Ah « la diplomatie n’est pas un dîner de gala » de Claude MARTIN Ambassadeur de la République Française en Chine et à Berlin est un livre de mémoires allant de 1950 jusqu’en 2000. L’ancien étudiant de l’école nationale d’administration ( ENA et des langues orientales ( INALCO) a quasiment tout vécu et tout vu en matières de relations internationales: Les balbutiements de la guerre froide avec ses cocktails de guerres de procurations qui ont ensanglanté le tiers monde, l’ex-Union soviétique et les États Unis d’Amérique comme parrains.

 

Les rivalités Sino-soviétiques. Ces quatre paramètres constituent des socles théoriques omniprésents dans les mémoires de l’ancien Ambassadeur de France à Pekin.

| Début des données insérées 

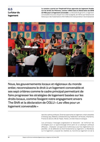 Nous, les gouvernements locaux et régionaux du monde entier, reconnaissons le droit à un logement convenable et ses sept critères comme le cadre principal permettant de faire progresser les stratégies de logement basées sur les droits locaux, comme l’exigent notre engagement envers The Shift et la déclaration de CGLU « Les villes pour un logement convenable » dans les cadres juridiques. Diverses approches du logement urbain adoptées à Subang Jaya, Malaisie, à Ekaterinbourg, Fédération de Russie, à Nanterre, France et dans la ville de Taipei, Taiwan, ont été mises en exergue. Les principaux messages englobaient la nécessité : de renforcer les stratégies pour un apprentissage entre pairs et un plaidoyer politique efficaces ; d’adopter une approche multiniveaux pour les règlements non planifiés ; et de défendre le droit fondamental au logement. Le Manifeste sur le logement a exposé les réalités du marché du logement et de la

Tout décor diplomatique dans lequel travaillait un diplomate avec ces paramètres qui pour tout étudiant en relations internationales, est un passage quasiment obligé pour appréhender le monde tel qu’il se déploie sous nos yeux. Pour Claude MARTIN l’apprentissage de l’humanitaire était double voire triple. Institut d’études politiques sciences po L’ENA et langues orientales. Voilà pour la formation académique, d’ailleurs même dans l’écriture, on reconnaît un ancien élève de L’ENA,  ce fameux raisonnement en trois points qui sert à la fabrication des fameux gallos d’essais, points focaux de toutes réflexions socio-politiques en France. 

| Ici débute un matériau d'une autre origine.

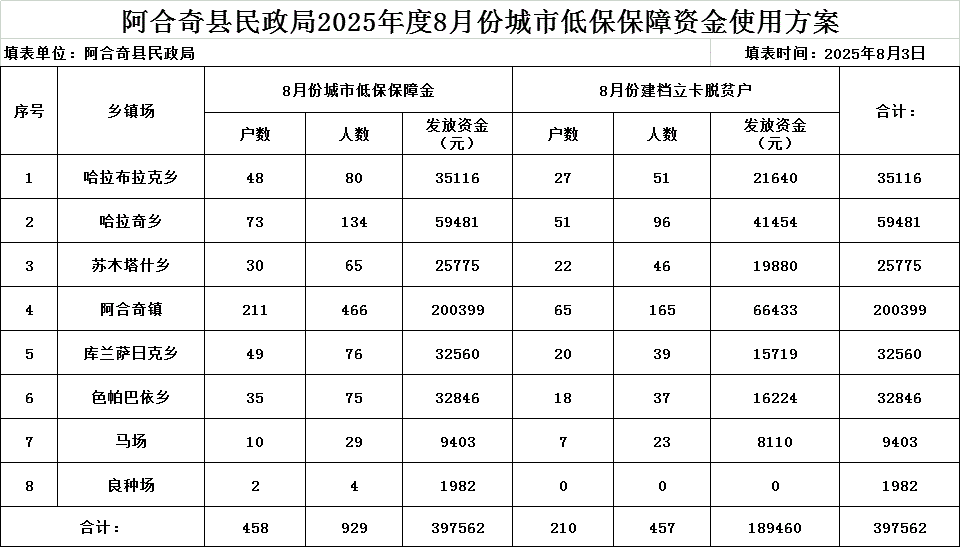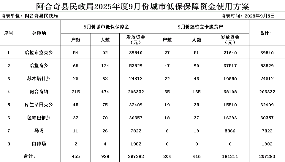 阿合奇县民政局2025年度7-9月份城市低保保障资金使用结果

Quand survinrent les répressions contre les étudiants qui avaient occupé la place Tien-Amen en 1990 à Pékin l’ex-Ambassadeur au pays du soleil levant à tout vu et tout écrit et le Quai d’Orsay à tout compris, pas moins des milliers de câbles diplomatiques en faisaient foi. Ce qui est fort intéressant dans cet ouvrage de plus de 600 pages, c’est la manière dont l’auteur met en scène les théories et les pratiques diplomatiques d’une manière pédagogique, on dirait un guide de bon usage dans une mission diplomatique même si parfois on sent bien que l’auteur est encore dans ses codes diplomatiques en analysant et dire ses vérités du bout des lèvres comme s’il avait peur de dire une parole de trop pour ne pas provoquer une crise diplomatique. 

Telle est en effet la peur de celles et ceux qui sont témoins des faits et que le jour viendra de les coucher sur du papier pour témoigner ont pris de panique, méditant avec effroi, est ce que le public va me croire car ce qui est dit là, est tellement énorme gros, cela susciterait de la méfiance. D’une manière méthodique l’auteur analyse chaque période. D’ailleurs le livre est divisé en période ce qui correspond à dix au total. En tout cas, assez pour faire un tour d’horizon complet de la planète diplomatique.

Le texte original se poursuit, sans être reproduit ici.